LA strain and phasic volume analysis using feature tracking CMR

The myocardial strain analysis using feature tracking CMR was performed using semi-automated software (QstrainMR 2.0, Medis, Leiden, Netherlands). The LA endocardial border was manually traced in a 4-chamber long-axis view using the LV end-diastole as the reference phase. The LA global longitudinal strain (GLS) was defined as the average peak strain value. The LA maximal, pre-contraction (pre-A in cases without atrial fibrillation), and minimal volumes were measured. The LA total emptying fraction was calculated as (LA maximal volume − LA minimal volume)/LA maximal volume; the reservoir fraction, as (LA maximal volume − LA minimal volume/LA minimal volume); the conduit fraction as (LA maximal volume − LA pre-A volume)/LA maximal volume; and the active emptying fraction as (LA pre-A volume − LA minimal volume)/LA pre-A volume [17], as shown in Fig. 1. The LA volume divided by the body surface area was defined as the LA volume index (LAVI), and E/e′ divided by LA-GLS was defined as the LA stiffness index [7].

Statistical analysis

The baseline characteristics were summarized using frequencies and percentages and examined using the chi-square test for categorical variables. The continuous variables are reported as the mean and standard deviation or interquartile range for non-normally distributed variables. For normally distributed variables, the analysis of variance (ANOVA) was performed to test the differences among the three groups. A post-hoc test with Tukey’s HSD was conducted for pairwise comparisons. Non-normally distributed variables were compared using the Kruskal–Wallis test, and the Dunn’s post-hoc test was performed for pair-wise comparisons. A univariable linear regression model was used to estimate the unadjusted coefficient of primary endpoints for each echocardiographic and each CMR characteristic. Univariable factors with p < 0.05 and the major relevant clinical factors were entered into multivariable analyses for the predictive value of variables for PASP. The coefficient values were generated and expressed, together with their 95% confidence intervals. A subgroup analysis was performed to evaluate the differential effect of clinical variables among the three groups clustered by a linear regression between PASP and E/e′: (1) relatively higher PASP group compared to E/e′, (2) within 95% confidence interval and (3) relatively lower PASP group compared to E/e′. All analyses used two-tailed tests with a significance level of 0.05. Statistical analyses were performed using SPSS software (Statistical Package for Social Sciences, version 25.0, IBM Corp., Armonk, NY).
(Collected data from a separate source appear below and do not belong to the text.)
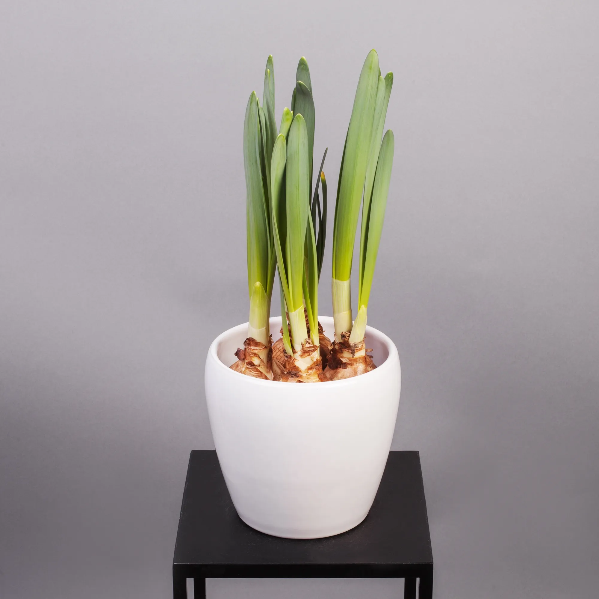Как правило, растения доставляются в техническом пластиковом горшке от поставщика. Если в наименовании указано «в керамике/цинке», то в эту стоимость входит декоративное кашпо.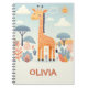 Este cuaderno personalizado y lindo presenta una jirafa adorable y caprichosa en un hermoso fondo de sabana.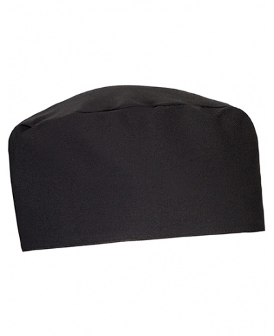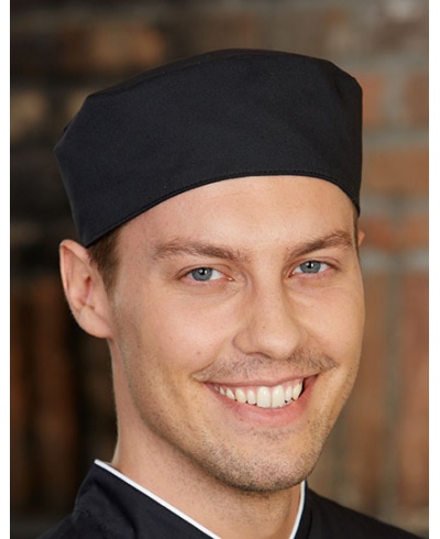 Modische flache Kochmütze mit Gummizug hinten, dadurch variabel im Umfang. Bundhöhe 7,5 cm. 95° C waschbar, pflegeleicht, farbecht, industriewäsche- und finishertauglich.

Comparisons of the baseline characteristics and LA function between three groups

Among 370 patients who underwent both echocardiography and CMR, 133 (36%) patients had HCM, 123 (33%) patients had a history of reperfused AMI, and 114 (31%) patients had DCM. A total of 294 (80%) patients were men, and the average age was 56 ± 14 years. A total of 42 (11%) patients had atrial fibrillation. Patients with DCM were significantly younger than those with HCM (p < 0.05), and the prevalence of atrial fibrillation was significantly higher in DCM patients than in HCM and AMI patients. However, there were no significant differences in sex, systolic blood pressure, history of diabetes, and hypertension among the three groups. In the DCM group, a′ was significantly lower than that in the HCM and AMI groups. The LV ejection fraction and s′ were also significantly lower in the DCM group than in the other two groups. The PASP was significantly higher in the DCM group than in the other two groups, and the HCM group had a higher PASP than the AMI group. Likewise, the E/e′ of the DCM and HCM groups was significantly higher than that of the AMI group. The e′ of DCM and HCM was also significantly lower than that of the AMI group.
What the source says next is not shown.